Begin the copy at the line containing "The following graph" in the data below and end it at the line containing "A Behringer PS400", keeping each line exact and leaving out pictures.

━━━ Supplied data

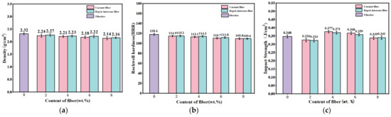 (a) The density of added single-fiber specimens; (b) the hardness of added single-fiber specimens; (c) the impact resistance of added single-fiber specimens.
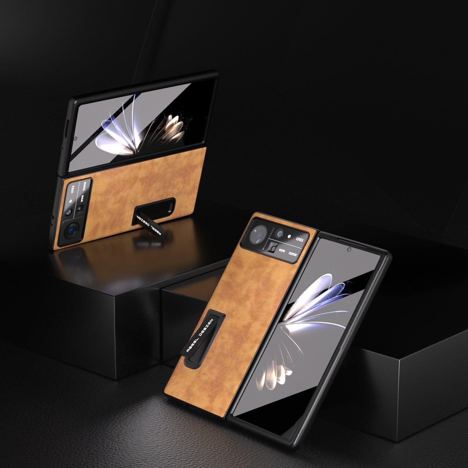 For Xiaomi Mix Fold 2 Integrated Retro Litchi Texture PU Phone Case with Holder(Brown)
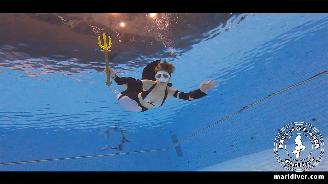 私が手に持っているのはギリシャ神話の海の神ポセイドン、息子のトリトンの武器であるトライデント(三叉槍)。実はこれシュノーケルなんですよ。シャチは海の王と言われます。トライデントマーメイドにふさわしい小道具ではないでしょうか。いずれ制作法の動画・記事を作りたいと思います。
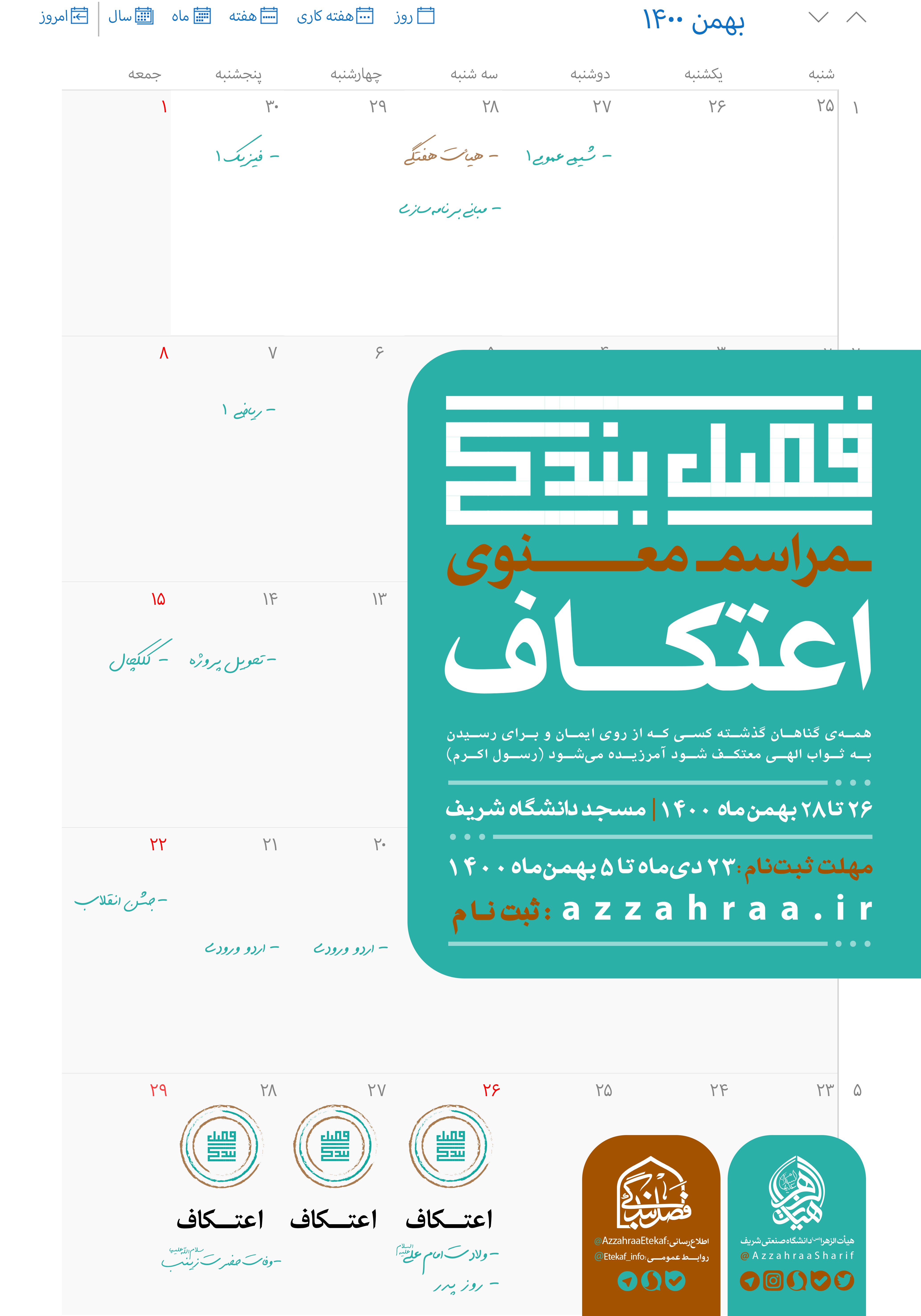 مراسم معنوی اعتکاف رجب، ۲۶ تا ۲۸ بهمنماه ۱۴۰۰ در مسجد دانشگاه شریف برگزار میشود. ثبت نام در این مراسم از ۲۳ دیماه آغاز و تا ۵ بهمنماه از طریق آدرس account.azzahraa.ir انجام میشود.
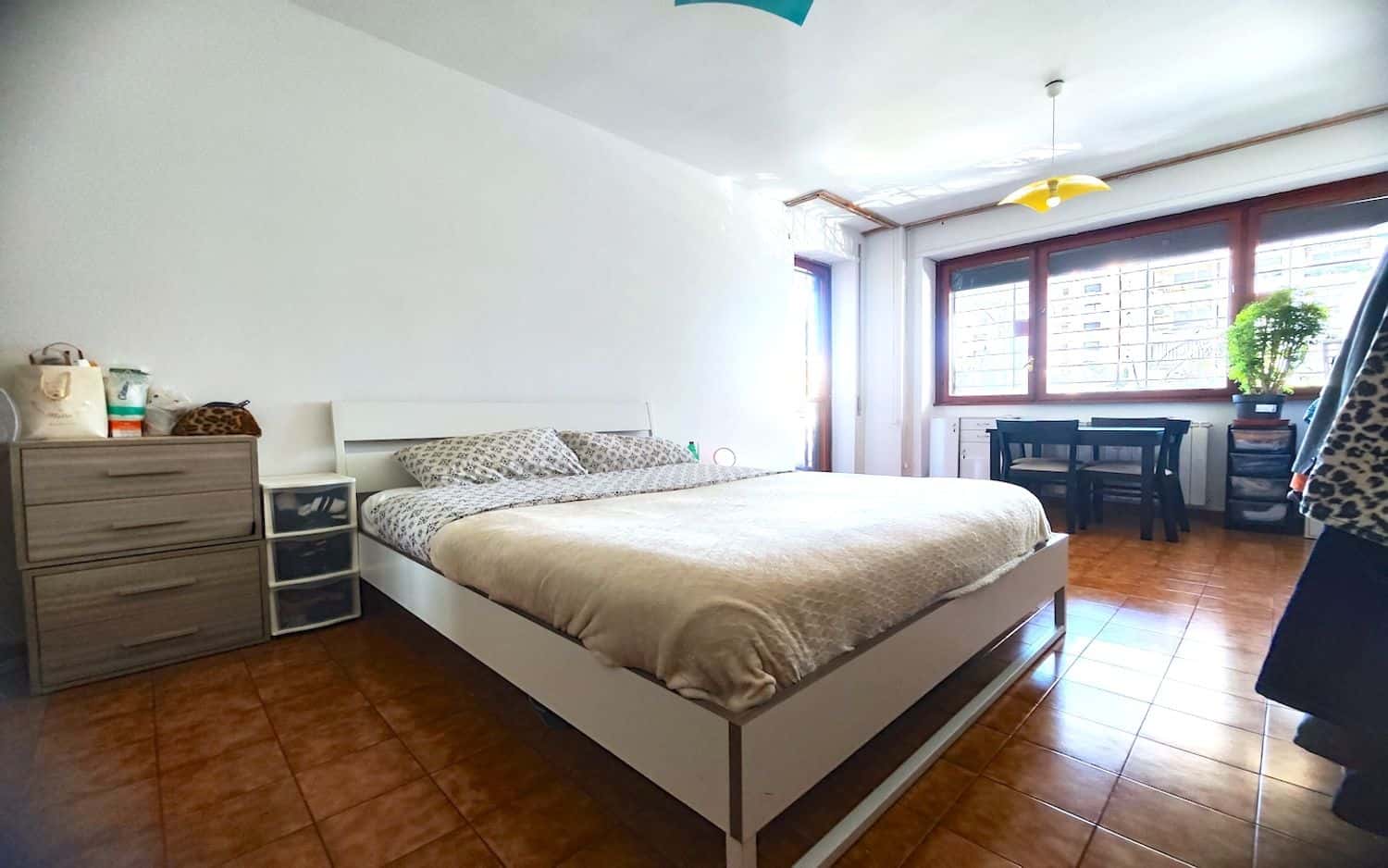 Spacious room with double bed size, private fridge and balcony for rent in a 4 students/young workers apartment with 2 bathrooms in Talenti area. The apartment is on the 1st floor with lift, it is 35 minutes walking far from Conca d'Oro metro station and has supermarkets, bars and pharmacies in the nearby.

━━━━━━
━━━ Supplied data

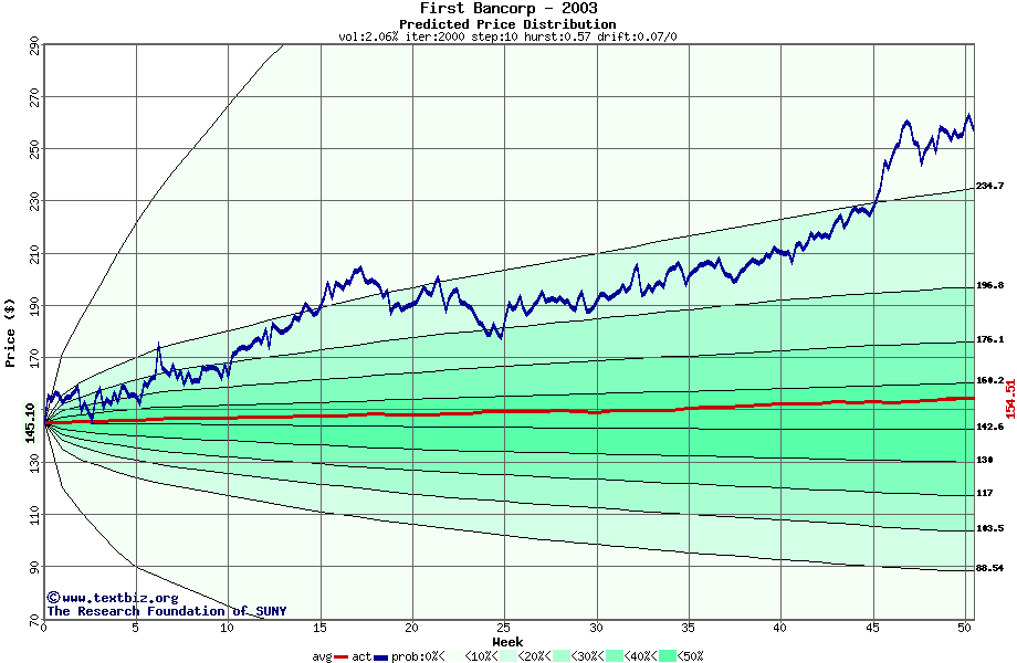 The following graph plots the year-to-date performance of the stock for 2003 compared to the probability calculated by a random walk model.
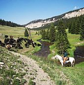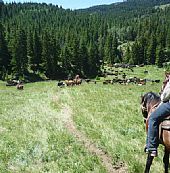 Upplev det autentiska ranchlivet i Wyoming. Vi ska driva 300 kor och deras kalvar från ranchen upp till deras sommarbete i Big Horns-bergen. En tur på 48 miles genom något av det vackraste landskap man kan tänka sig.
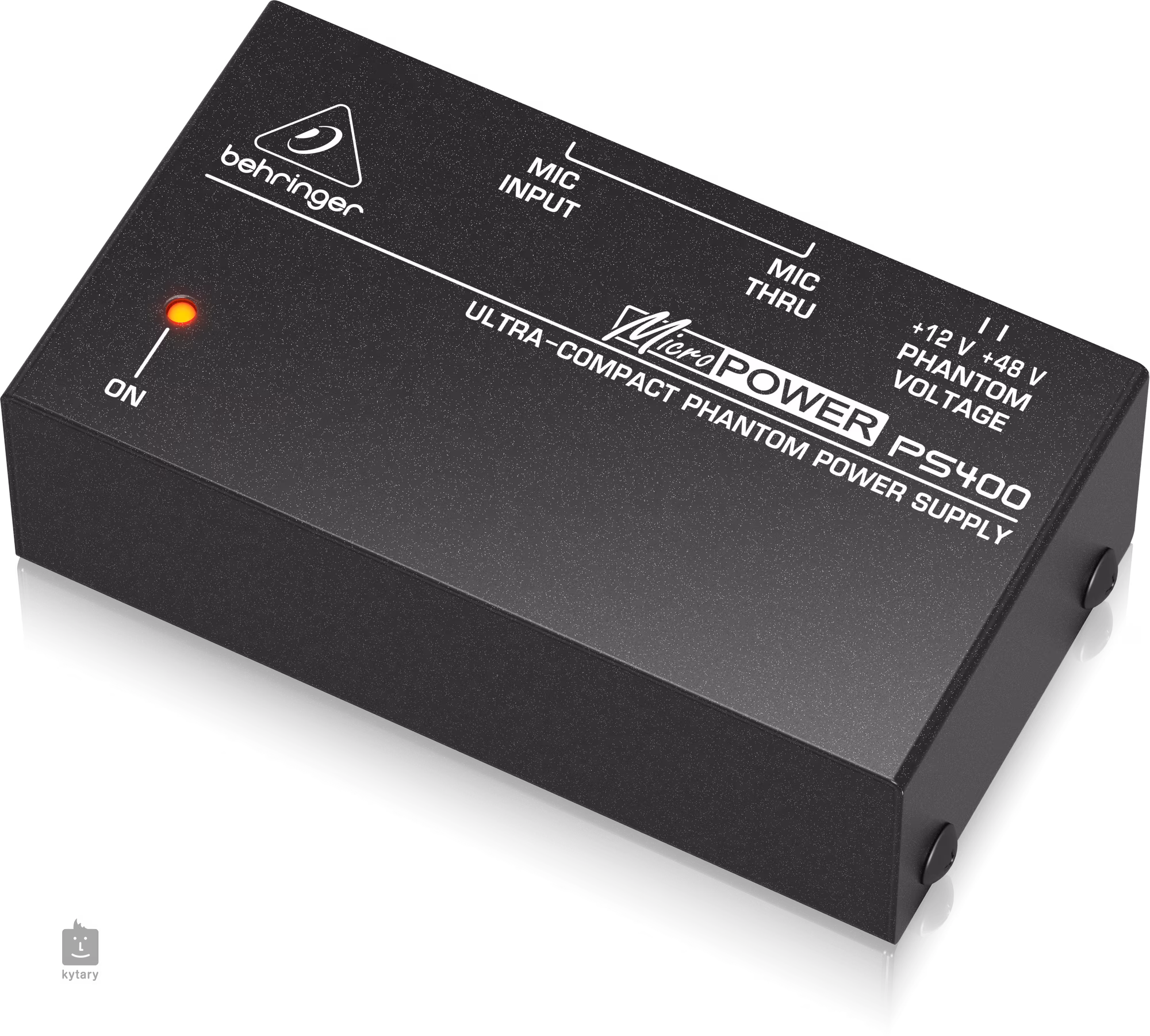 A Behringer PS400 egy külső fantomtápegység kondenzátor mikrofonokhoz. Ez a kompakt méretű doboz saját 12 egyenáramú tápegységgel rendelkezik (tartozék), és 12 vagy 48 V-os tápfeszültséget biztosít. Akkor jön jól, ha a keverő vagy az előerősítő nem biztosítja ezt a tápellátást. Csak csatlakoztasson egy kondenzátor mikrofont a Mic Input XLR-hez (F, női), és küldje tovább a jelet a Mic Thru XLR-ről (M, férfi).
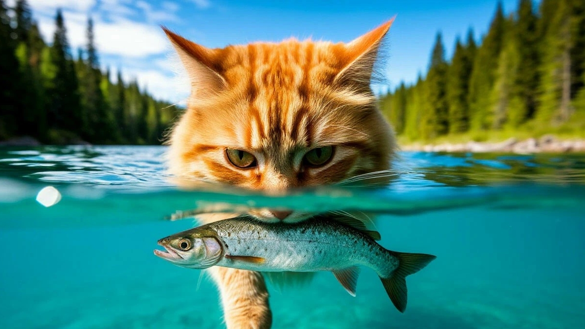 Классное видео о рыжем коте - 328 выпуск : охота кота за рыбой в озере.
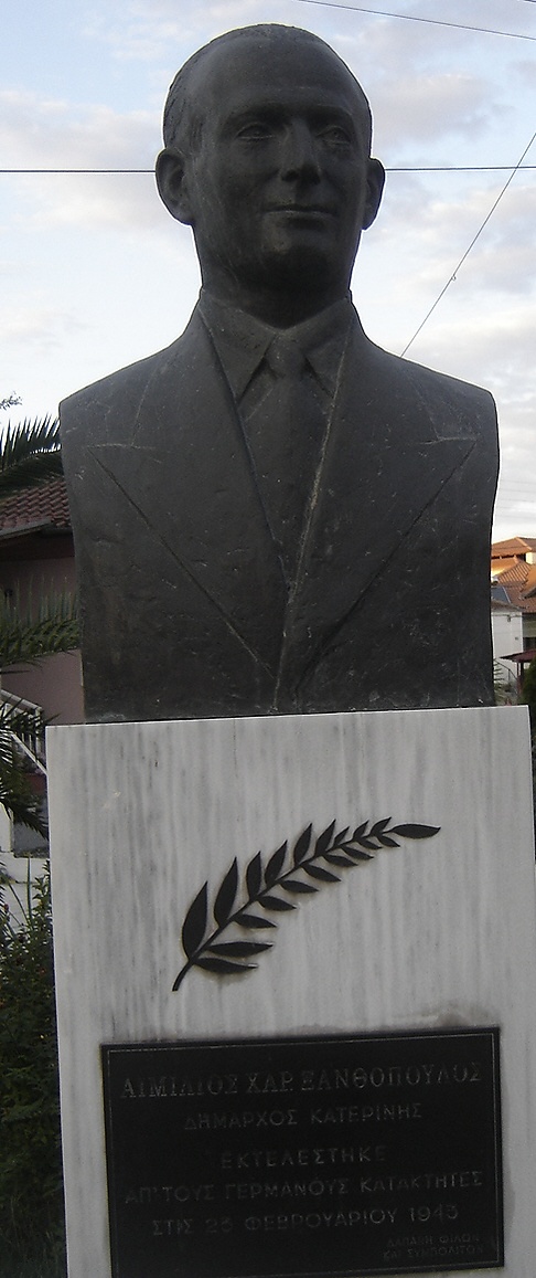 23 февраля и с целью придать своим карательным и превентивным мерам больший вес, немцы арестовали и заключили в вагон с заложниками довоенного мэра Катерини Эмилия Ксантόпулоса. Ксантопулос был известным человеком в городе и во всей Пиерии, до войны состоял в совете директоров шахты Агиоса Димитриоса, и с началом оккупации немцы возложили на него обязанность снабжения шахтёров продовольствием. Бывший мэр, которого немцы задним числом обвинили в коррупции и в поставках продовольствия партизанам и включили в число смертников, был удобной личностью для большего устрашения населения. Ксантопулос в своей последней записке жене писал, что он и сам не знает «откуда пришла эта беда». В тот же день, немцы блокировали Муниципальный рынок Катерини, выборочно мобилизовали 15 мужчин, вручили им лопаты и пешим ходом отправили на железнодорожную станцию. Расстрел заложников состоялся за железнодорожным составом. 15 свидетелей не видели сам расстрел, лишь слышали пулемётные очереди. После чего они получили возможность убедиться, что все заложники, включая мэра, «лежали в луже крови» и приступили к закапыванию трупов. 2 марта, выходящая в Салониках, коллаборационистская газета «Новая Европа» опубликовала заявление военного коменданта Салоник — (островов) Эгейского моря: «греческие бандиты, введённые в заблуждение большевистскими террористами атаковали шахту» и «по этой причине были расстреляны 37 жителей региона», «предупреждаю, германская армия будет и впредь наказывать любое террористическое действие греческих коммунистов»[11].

━━━━━━
━━━ Supplied data

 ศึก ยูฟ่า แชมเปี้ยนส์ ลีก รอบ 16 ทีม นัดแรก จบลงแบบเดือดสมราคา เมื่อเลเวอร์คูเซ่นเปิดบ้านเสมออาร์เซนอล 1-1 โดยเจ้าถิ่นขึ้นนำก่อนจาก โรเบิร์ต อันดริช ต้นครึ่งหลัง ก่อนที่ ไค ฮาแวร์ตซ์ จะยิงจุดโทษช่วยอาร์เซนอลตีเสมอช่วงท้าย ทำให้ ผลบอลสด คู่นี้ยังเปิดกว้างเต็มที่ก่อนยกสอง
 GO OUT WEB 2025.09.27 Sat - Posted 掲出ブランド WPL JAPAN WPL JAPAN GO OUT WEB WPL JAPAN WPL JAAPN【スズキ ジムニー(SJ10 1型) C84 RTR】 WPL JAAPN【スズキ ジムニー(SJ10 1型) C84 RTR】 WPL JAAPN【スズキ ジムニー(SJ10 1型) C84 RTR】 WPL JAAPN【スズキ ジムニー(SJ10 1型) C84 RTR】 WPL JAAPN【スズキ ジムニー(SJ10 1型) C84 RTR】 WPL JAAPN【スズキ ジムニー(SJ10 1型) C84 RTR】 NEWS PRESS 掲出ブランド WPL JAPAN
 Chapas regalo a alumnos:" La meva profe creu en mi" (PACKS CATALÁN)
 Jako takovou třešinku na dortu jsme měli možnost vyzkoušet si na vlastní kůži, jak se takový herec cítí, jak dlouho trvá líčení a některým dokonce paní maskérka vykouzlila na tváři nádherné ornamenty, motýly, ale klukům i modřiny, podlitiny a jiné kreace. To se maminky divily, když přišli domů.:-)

━━━━━━

__Task result__:
 The following graph plots the year-to-date performance of the stock for 2003 compared to the probability calculated by a random walk model.
 Upplev det autentiska ranchlivet i Wyoming. Vi ska driva 300 kor och deras kalvar från ranchen upp till deras sommarbete i Big Horns-bergen. En tur på 48 miles genom något av det vackraste landskap man kan tänka sig.
 A Behringer PS400 egy külső fantomtápegység kondenzátor mikrofonokhoz. Ez a kompakt méretű doboz saját 12 egyenáramú tápegységgel rendelkezik (tartozék), és 12 vagy 48 V-os tápfeszültséget biztosít. Akkor jön jól, ha a keverő vagy az előerősítő nem biztosítja ezt a tápellátást. Csak csatlakoztasson egy kondenzátor mikrofont a Mic Input XLR-hez (F, női), és küldje tovább a jelet a Mic Thru XLR-ről (M, férfi).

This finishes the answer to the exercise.